On-the-fly is preferred: sample a fresh random transform every epoch. 50 images × 8 random transforms per epoch × 100 epochs → the network sees ~40 000 distinct views. Offline augmentation (pre-generate on disk) produces a fixed set the network will eventually memorise.

Augmentation: encoding physical invariances

Six augmented views of the SAME synthetic grain microstructure. All six panels show the same Voronoi grain layout (same polygonal grains, same topology) transformed in different ways. Top row: original, 90° rotation (valid for equiaxed grains), horizontal flip (valid — no polarity). Bottom row: brightness jitter (valid — structural label), Poisson noise (simulates low dose), vertical flip (invalid — breaks a surface gradient if present). Each valid transform is a claim that the physics has a symmetry.

The key concept for this slide: augmentation is not just multiplying data — it encodes a claim that the physics has a particular invariance.

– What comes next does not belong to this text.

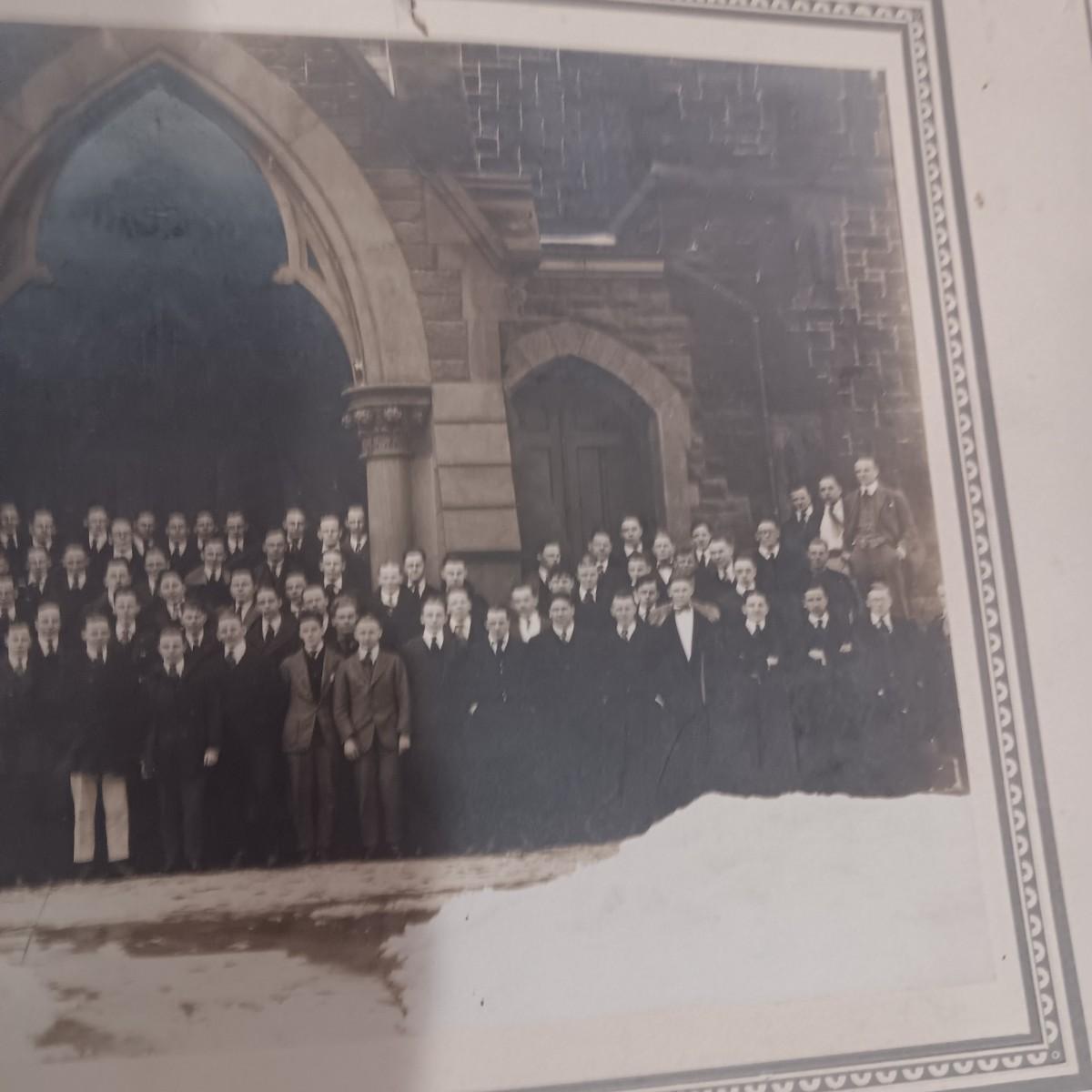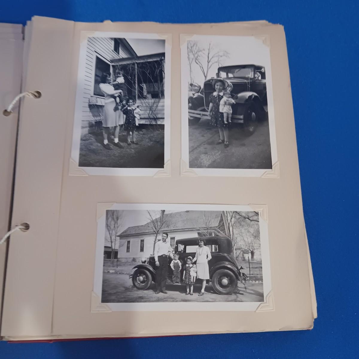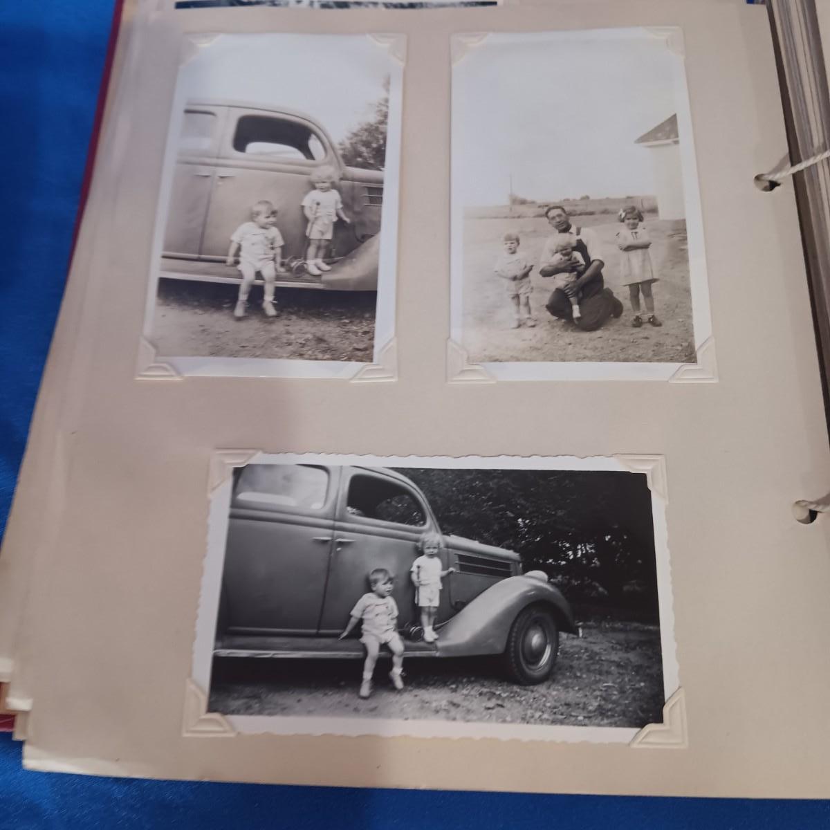 2 OLD GROUP PHOTOS, PHOTO ALBUM FILLED WITH PICTURES AND A SCRAP BOOK WITH A FEW PAGES FILLED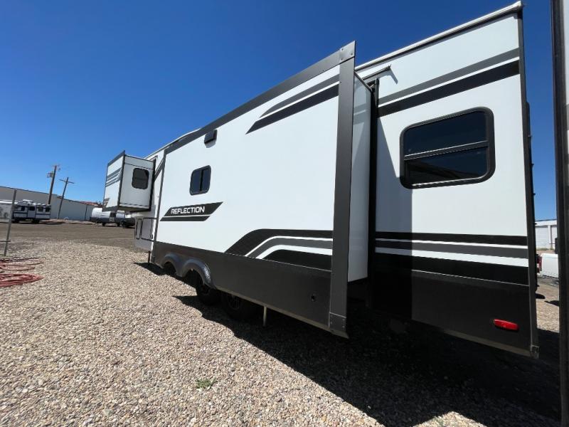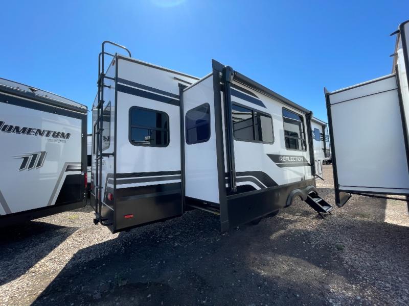 With any Reflection fifth wheel by Grand Design, you will have a solar panel for off-grid camping and a 60 amp charge controller and inverter prep, a Universal All-In-One docking station, unobstructed pass-through storage, and Goodyear Endurance tires. Each is constructed of gel coat exterior sidewalls, residential 5" truss rafters, walk-on roof decking, a fiberglass and radiant foil roof and front cap insulation plus laminated aluminum framed side walls, roof and end walls in slide rooms. Head inside to enjoy residential hardwood cabinet doors, premium Congoleum flooring, a spacious shower with a glass door, and many more comforts!

A rotation augmentation says “a grain boundary looks the same at any angle.” That is true for equiaxed grains; it is false for directionally solidified columnar grains, where orientation is a physical signal.
The one point to land: “before adding any transform, ask: would this produce a physically plausible image with the same label? If not, it is label noise you injected by hand.”
Misconception to preempt: “more augmentation is always safer.” Wrong. A wrong augmentation actively harms the model by injecting false invariances. Ablate augmentations one at a time if performance is unexpectedly poor.
EM anchor: for equiaxed recrystallised grains, rotation is truly invariant (orientation is arbitrary). For a thermal-gradient zone or rolled-sheet texture, rotation is physically meaningless. Same type of image, opposite correct answer — the difference is the physics.
Transition: “The most important augmentation concept is not the transforms themselves but the legality gate — next slide.”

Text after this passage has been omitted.